# [SUPPLIED DATA]

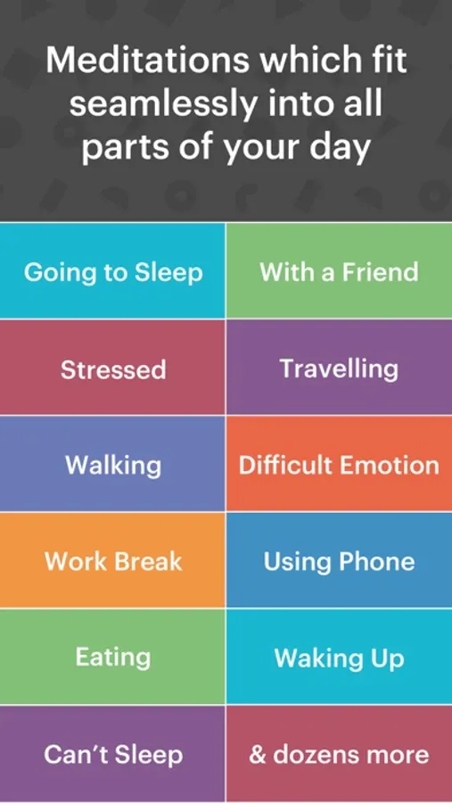 No need to find the time for a formal meditation session everyday, we'll show you how to bring mindfulness to all parts of your life with exercises for whatever you're doing and wherever you are - from travelling, taking a break at work or going to sleep. We'll help you find calm in any situation.
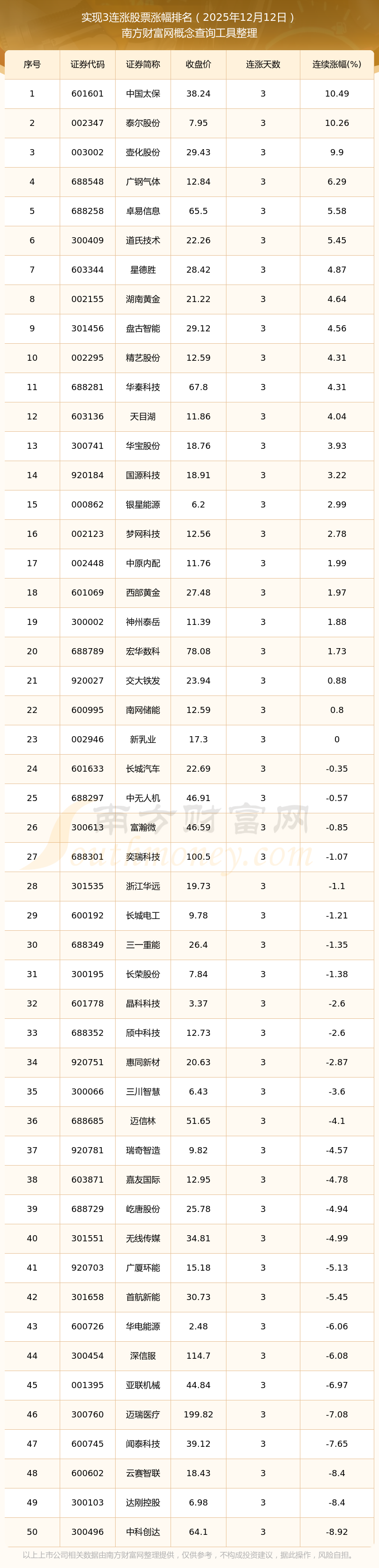 根據(jù)南方財富網(wǎng)概念查詢工具數(shù)據(jù)統(tǒng)計,截止2025年12月12日收盤,共有62只個股實現(xiàn)3天連漲。其中連續(xù)漲幅較大的個股有中國太保、泰爾股份、壺化股份等,連續(xù)漲幅分別為10.49%、10.26%、9.90%。
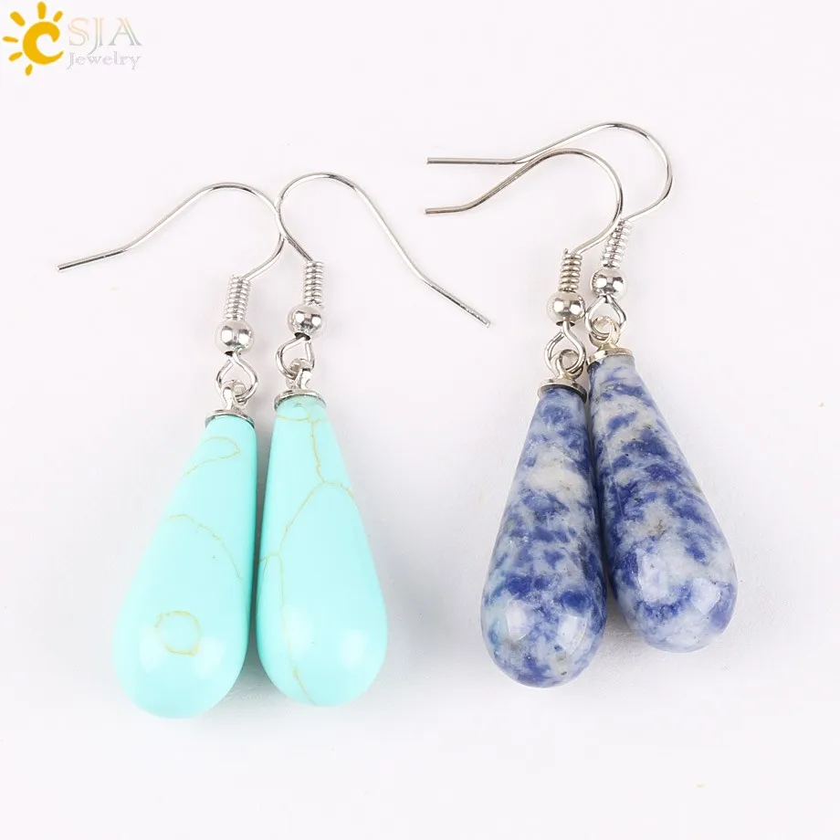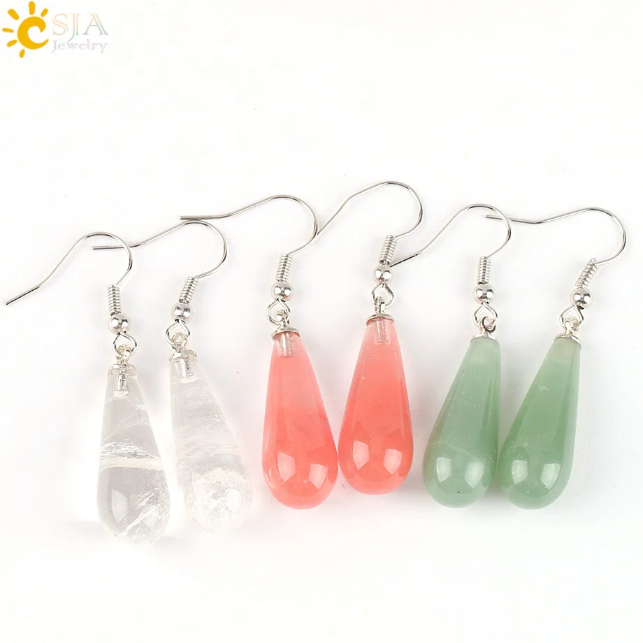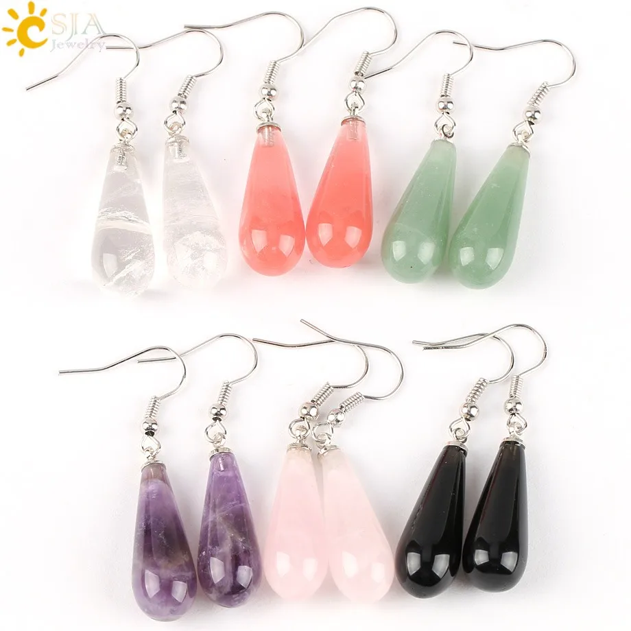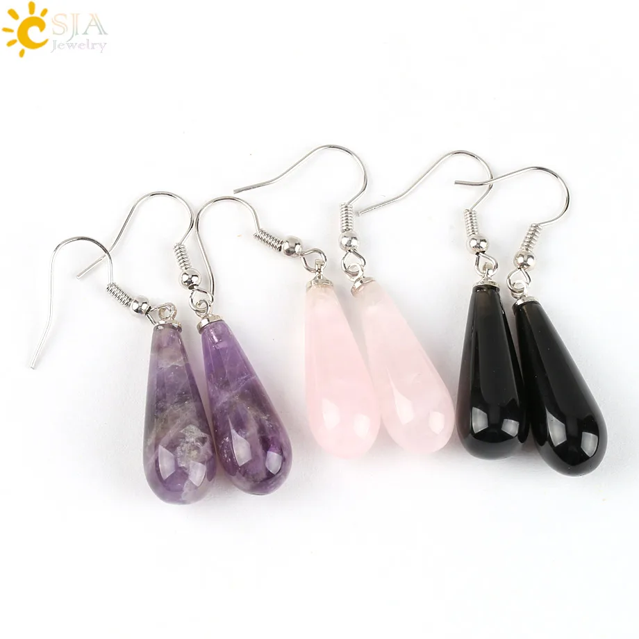 CSJA Summer Women Jewelry Natural Reiki Chakra Gem Stone Beads Pendant Water Drop Dangle Earring Pink Purple Crystal Gift E110 |

# [WHAT IS REQUIRED]
Write out the whole listing exactly, with no pictures.

# [SOLUTION FOR THIS EXERCISE]
 No need to find the time for a formal meditation session everyday, we'll show you how to bring mindfulness to all parts of your life with exercises for whatever you're doing and wherever you are - from travelling, taking a break at work or going to sleep. We'll help you find calm in any situation.
 根據(jù)南方財富網(wǎng)概念查詢工具數(shù)據(jù)統(tǒng)計,截止2025年12月12日收盤,共有62只個股實現(xiàn)3天連漲。其中連續(xù)漲幅較大的個股有中國太保、泰爾股份、壺化股份等,連續(xù)漲幅分別為10.49%、10.26%、9.90%。
 CSJA Summer Women Jewelry Natural Reiki Chakra Gem Stone Beads Pendant Water Drop Dangle Earring Pink Purple Crystal Gift E110 |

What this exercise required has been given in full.